Supplied information ->

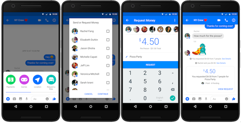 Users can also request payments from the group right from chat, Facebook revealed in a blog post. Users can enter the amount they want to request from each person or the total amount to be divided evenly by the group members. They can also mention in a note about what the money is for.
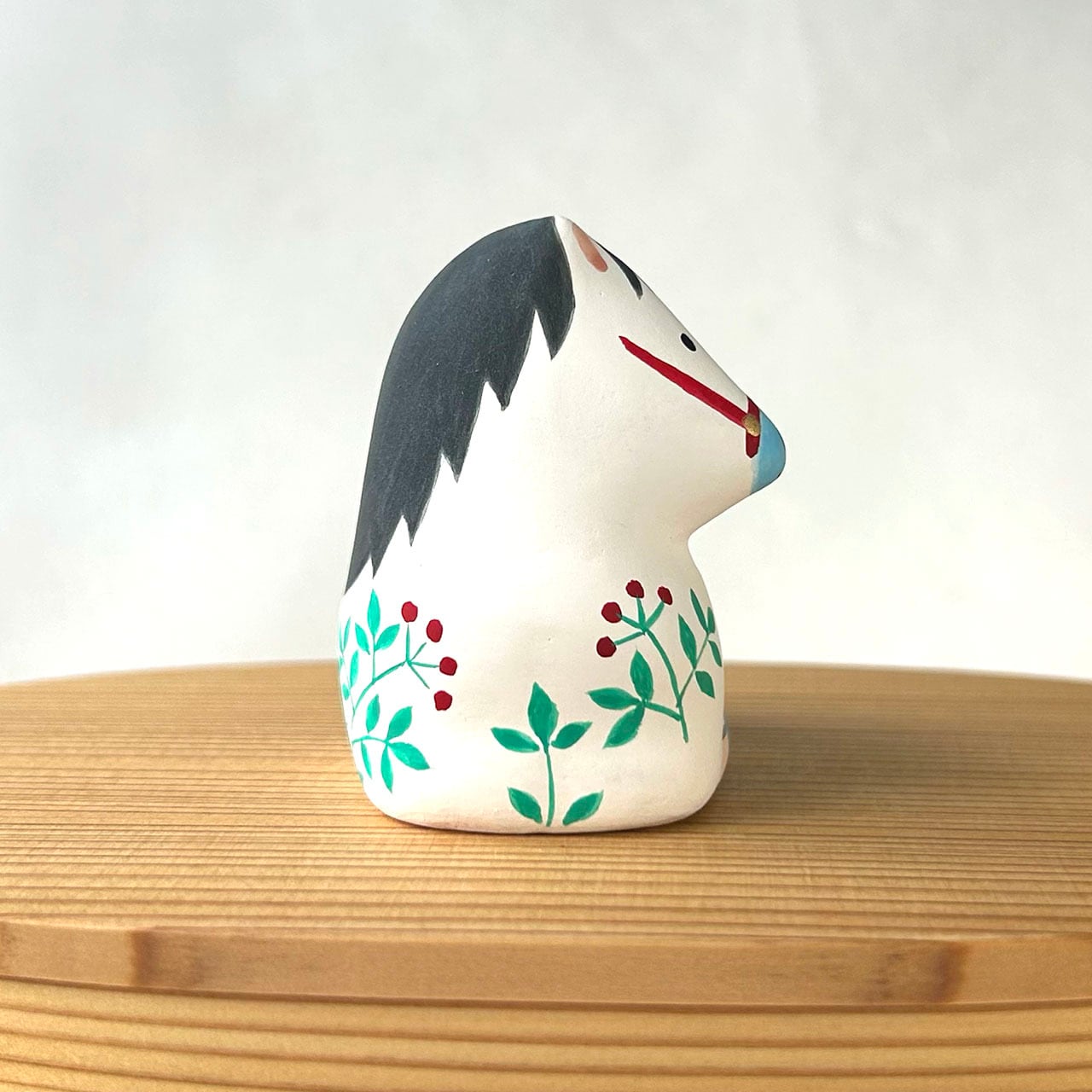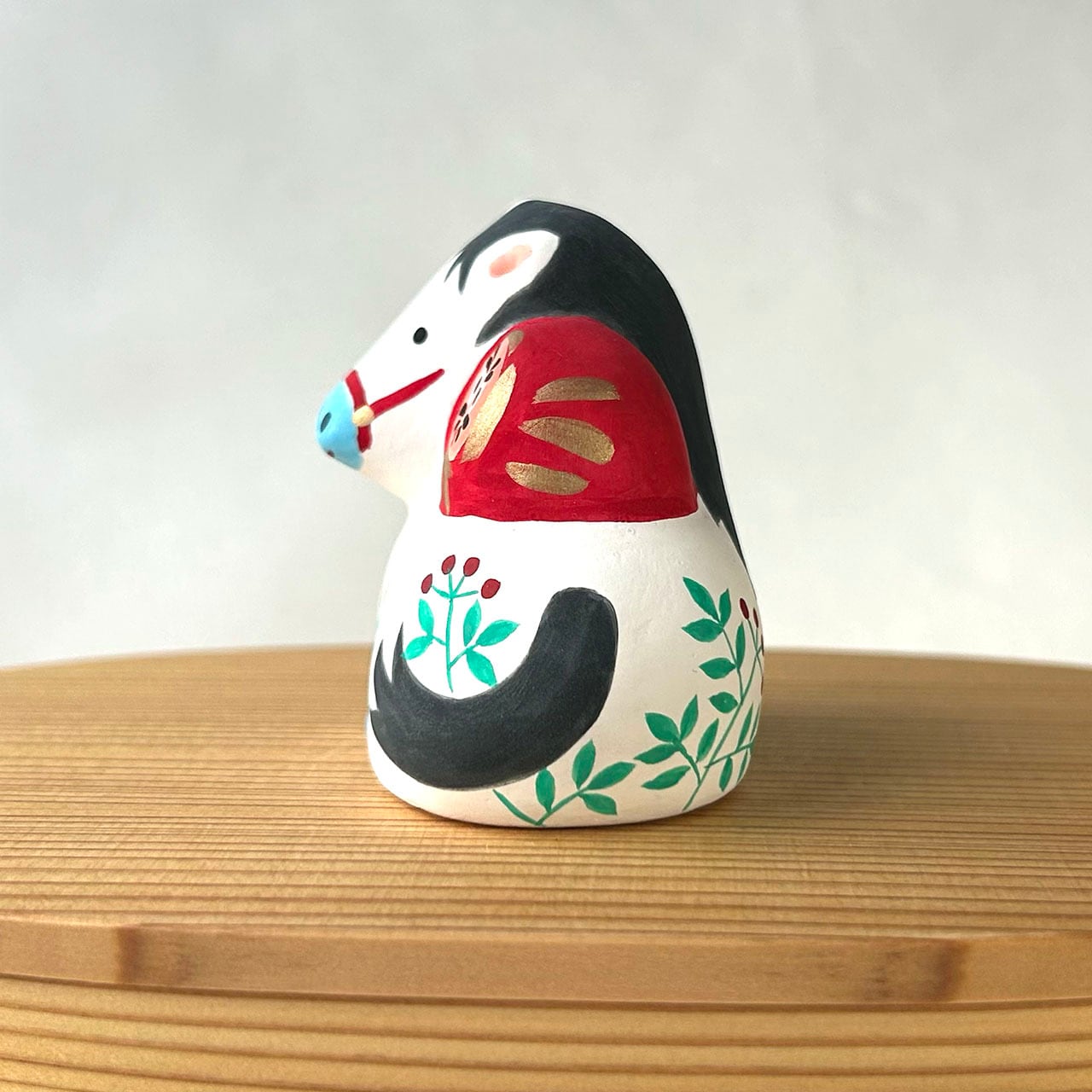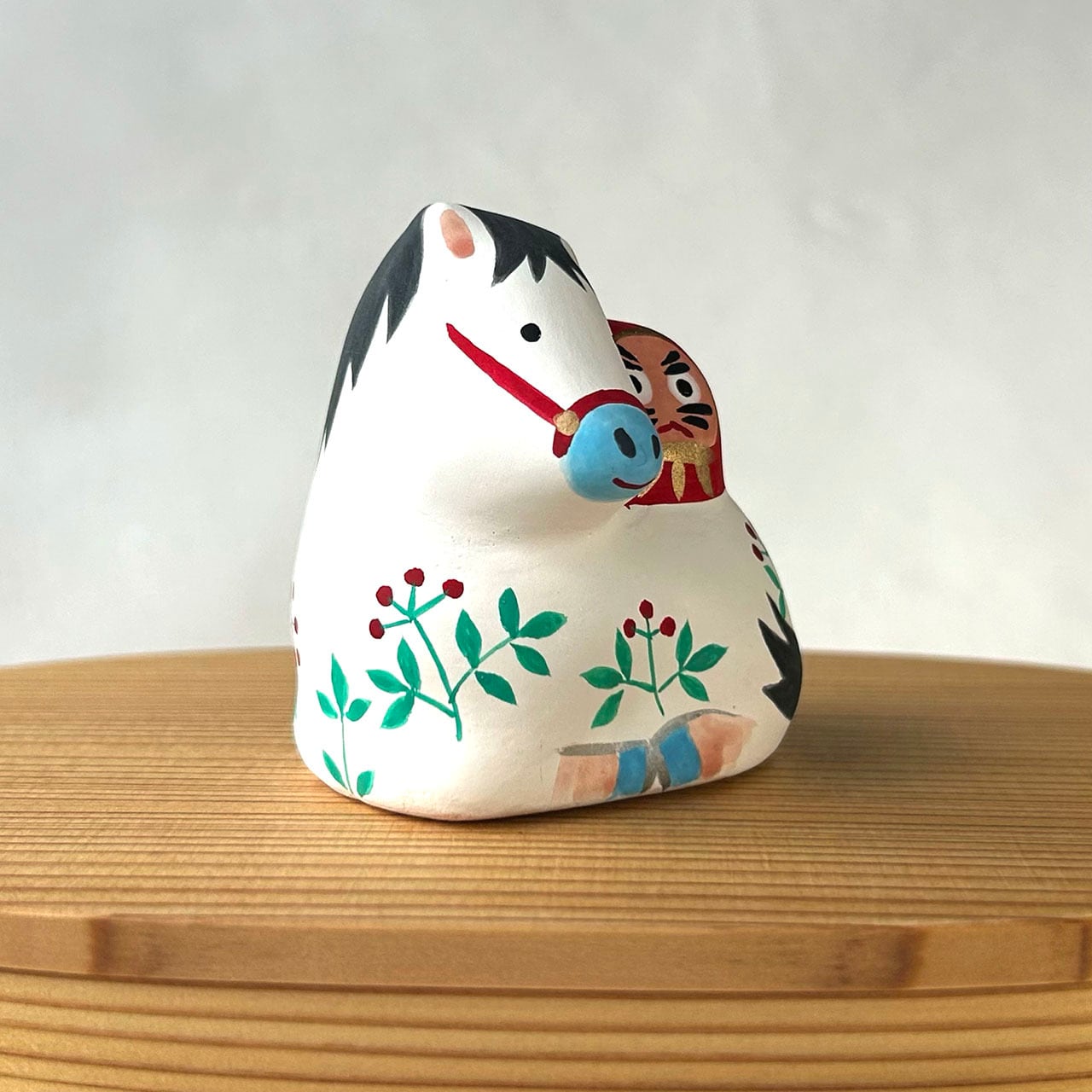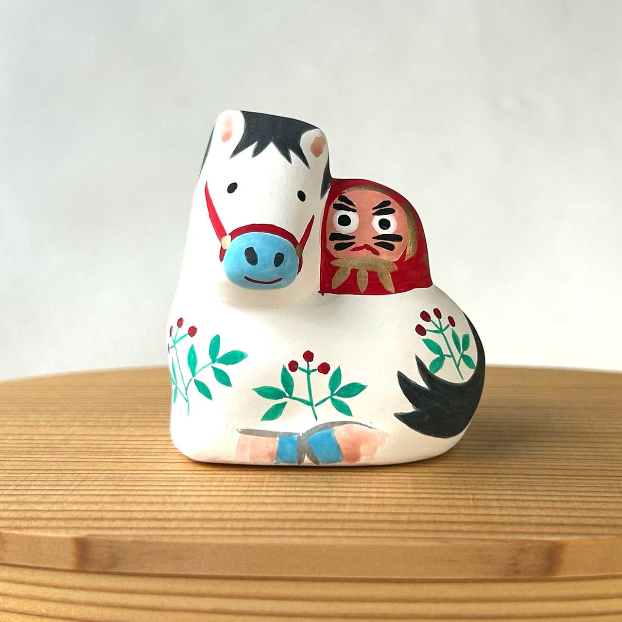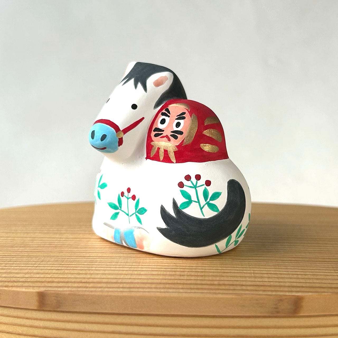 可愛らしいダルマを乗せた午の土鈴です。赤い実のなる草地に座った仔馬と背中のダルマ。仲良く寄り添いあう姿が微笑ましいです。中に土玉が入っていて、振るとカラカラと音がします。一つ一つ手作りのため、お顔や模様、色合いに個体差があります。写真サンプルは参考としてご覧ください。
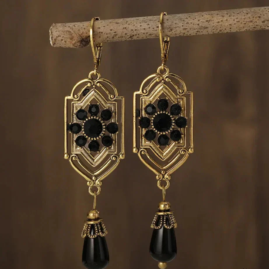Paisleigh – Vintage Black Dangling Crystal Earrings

Work instruction -> Every word of the material, and none of its pictures, should be set down again.

Completed task ->
 Users can also request payments from the group right from chat, Facebook revealed in a blog post. Users can enter the amount they want to request from each person or the total amount to be divided evenly by the group members. They can also mention in a note about what the money is for.
 可愛らしいダルマを乗せた午の土鈴です。赤い実のなる草地に座った仔馬と背中のダルマ。仲良く寄り添いあう姿が微笑ましいです。中に土玉が入っていて、振るとカラカラと音がします。一つ一つ手作りのため、お顔や模様、色合いに個体差があります。写真サンプルは参考としてご覧ください。
Paisleigh – Vintage Black Dangling Crystal Earrings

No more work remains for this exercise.